こちらが抗議をするよりも早く、『世界的にも重要人物が来るから絶対来てね♪』との言葉を投げつけられる。
呆然として通話の切られたケータイを見詰める。
そんなこんなで登校時間が遅れたという次第だった。
一緒に行こうと誘ってくれた浅野には悪いが断りを入れ、オレはその収録とやらに、ユニ達と共に向かったのだった。



 * * *



「来てるじゃん!」
「だから別の奴と約束があるって言っただろぉ」
ビシィッとばかりにオレに人差し指をむけて言った浅野に、溜め息を吐く。
ぶら霊、野外収録当日、オレはユニ達との約束の時間よりも早く会場に着いていた。
帽子を目深にかぶっていたし、眼鏡で雰囲気も変えていたから、会ったとしても気付かれないかと思っていたが、案外わかってしまうものなのか、偶然目の前を通りかかった1-3仲良しグループ御一行に見付かったのだった。
メンバーはいつも屋上で飯を共にしている野郎共と、有沢、井上、朽木、そして何故か黒崎の家族がいる。
夏梨を見付けて軽く手を振ると、控え目な挨拶が返ってきた。
シャイな年頃なのだろう。
可愛い奴だ。
「別の?スクアーロ君のお友達?」
「イタリアのな。まあオレはただの付き添いだがぁ」
そろそろあいつらも来る時間帯だ。
先を越されてた、と拗ねる浅野を笑いつつ、また後で会えたらと約束を交わす。
『また』、ね。
自分が本当にごく普通の学生のように、そんな約束をしていることが、ふとおかしく感じた。
「どうしたの、一人でニヤニヤしちゃって?」
「あ゛?」
とん、と肩に手を置かれる。
オレとしたことが鈍ったのか、背後に危険人物が近づいてきたことに気がつけなかった。
振り返って見えた白蘭のにやけた顔に、思わず顔をしかめる。
「ちょっと考え事してただけだぁ。ユニは?」
「スクアーロさん!お待たせしました!もう、歩くのが早いですよ白蘭!」
「ありゃりゃ、置いてっちゃってたみたい」
「ちゃんと見てろ、馬鹿兄貴が。
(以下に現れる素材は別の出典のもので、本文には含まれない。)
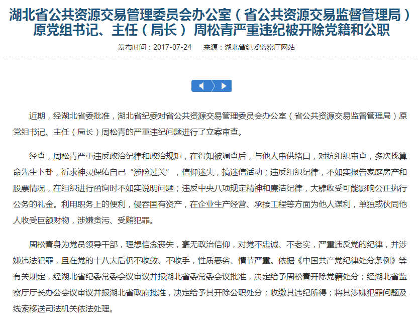 湖北省公共資源交易管理委員會(huì )辦公室(省公共資源交易監督管理局)原黨組書(shū)記、主任(局長(cháng)) 周松青嚴重違紀被開(kāi)除黨籍和公職
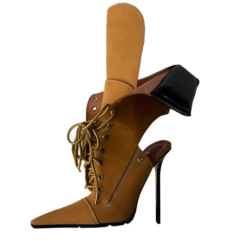 Patch Pointed-Toe Stiletto Lace-Up Boots-Modern Baby Las Vegas
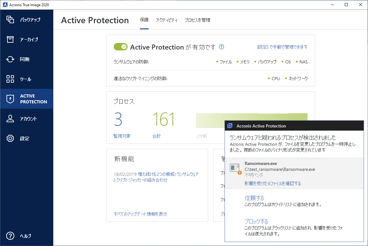 [機能強化] Acronis Active Protectionの改良
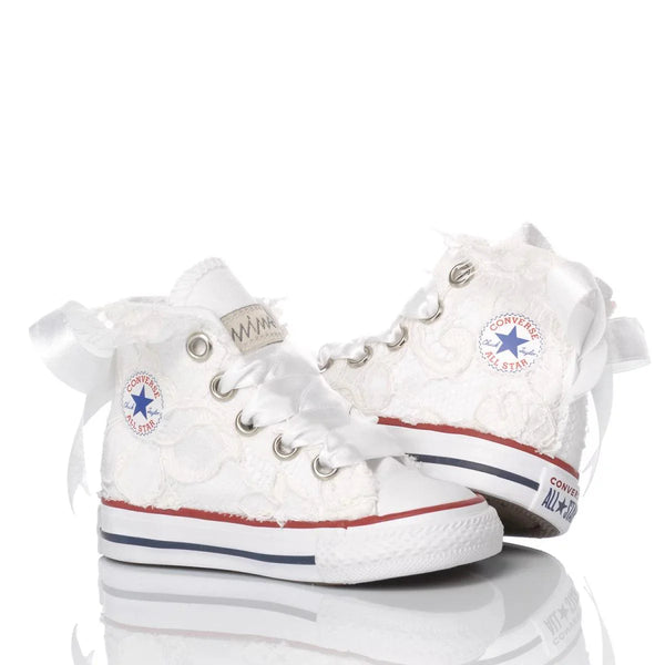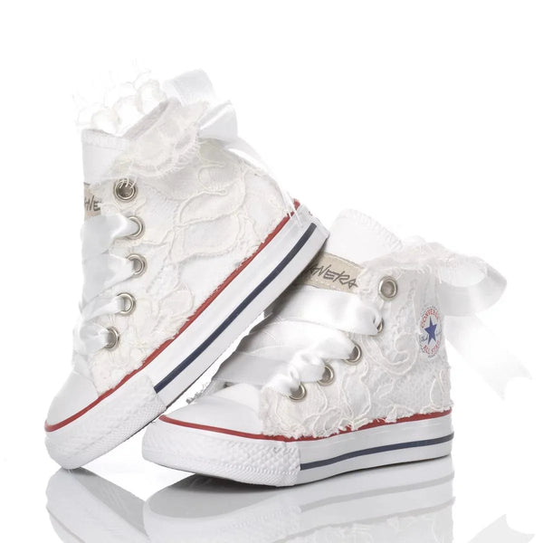 Converse All Star Baby Amabel, una scarpa da sogno sui toni candidi del bianco, ricoperta da un particolare pizzo ricamato con fiocco in raso sul retro, tutto impreziosito da una fila di Swarovski crystal sul retro. Questa scarpina farà sognare mamma e bimba e sarà perfetta anche per accompagnarvi nel tuo giorno speciale, o qualunque sia la vostra meta. La Converse All Star Baby Amabel ti verrà fornita con lacci in raso bianco ed i suoi originali bianchi.
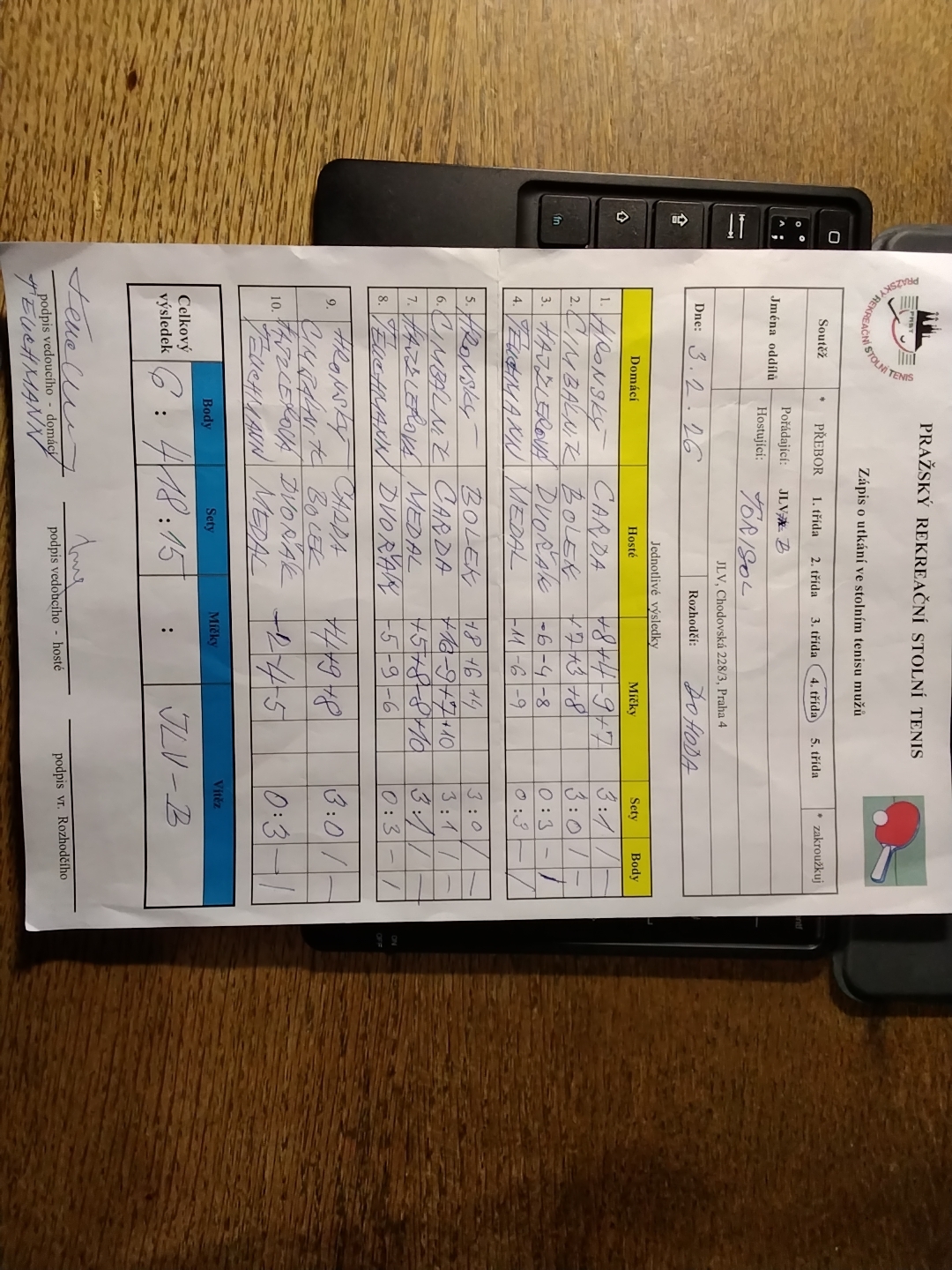 | 17/5 | JLV B | Torisol | 6 : 4 | út 03.02.2026 19:00 | | | 04.02.2026 04:03 ok1mpt |
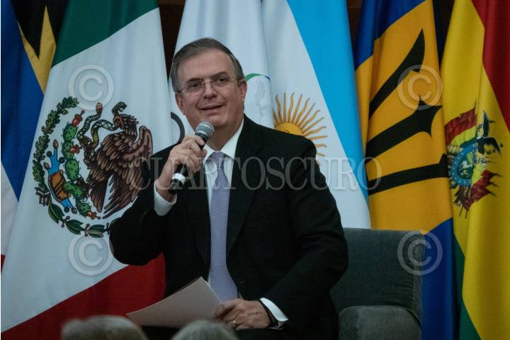 CIUDAD DE MÉXICO, 25NOVIEMBRE2021.- Marcelo Ebrard, secretario de Relaciones Exteriores, encabezó la inauguración del conversatorio con galardonados del Premio Nobel en América Latina en la Secretaría de Relaciones Exteriores (SRE). El evento contó con la presencia de: Laura Sprechman, CEO de la Fundación Nobel Prize Outreach; Rigoberta Menchú, premio Nobel de la Paz en 1992; David Kershenobich, premio Nobel de Medicina 2020; Gautier Mignot, titular de la Delegación de la Unión Europea en México y Premio Nobel de la Paz en 2012, por mencionar algunos. FOTO: GALO CAÑAS/CUARTOSCURO.COM

そんなに急がなくても良かったんだぜユニ、何か飲むかぁ?」
「あ、ありがとうございます。走ったので喉が乾いてしまって……」
買ってまだ開けていなかった水のペットボトルを渡す。
ちなみにここまでの会話は全部イタリア語だ。
何故か、は、たぶん白蘭の奴がオレとあいつらとの会話を聞いていたからだろう。
イタリアの友人だと言ったのも聞こえていたらしい。
白蘭なりの気遣いなのか、あまり意味はない気がするが。
「さて、それじゃあとっとと観覧席に行っちゃおうよ♪早く行かないと前が見えなくなっちゃうよ」
「大丈夫です!いざとなったらスクアーロさんに肩車をしてもらいます!!」
「ユニ……図々しくなって……」
目頭を押さえて溜め息を吐いた。
今まで彼女はこんな感じだっただろうか。
いや、思い立ったら一直線なところはあったかもしれない。
肩車は何としてでも回避だ。
そんなもの悪目立ちするに決まってる。
何とか前の方まで割り込んで、ユニが見えやすい位置を確保しなければ。
「ふふ、それならボクが肩車するのに。それと、スクちゃんは今日はお仕事だよ」
「え?」
「は?聞いてねぇぞぉ」
本気で残念そうな顔をするユニに内心更に大きな溜め息を吐き出しながら、白蘭の唐突な言葉に目を眇めた。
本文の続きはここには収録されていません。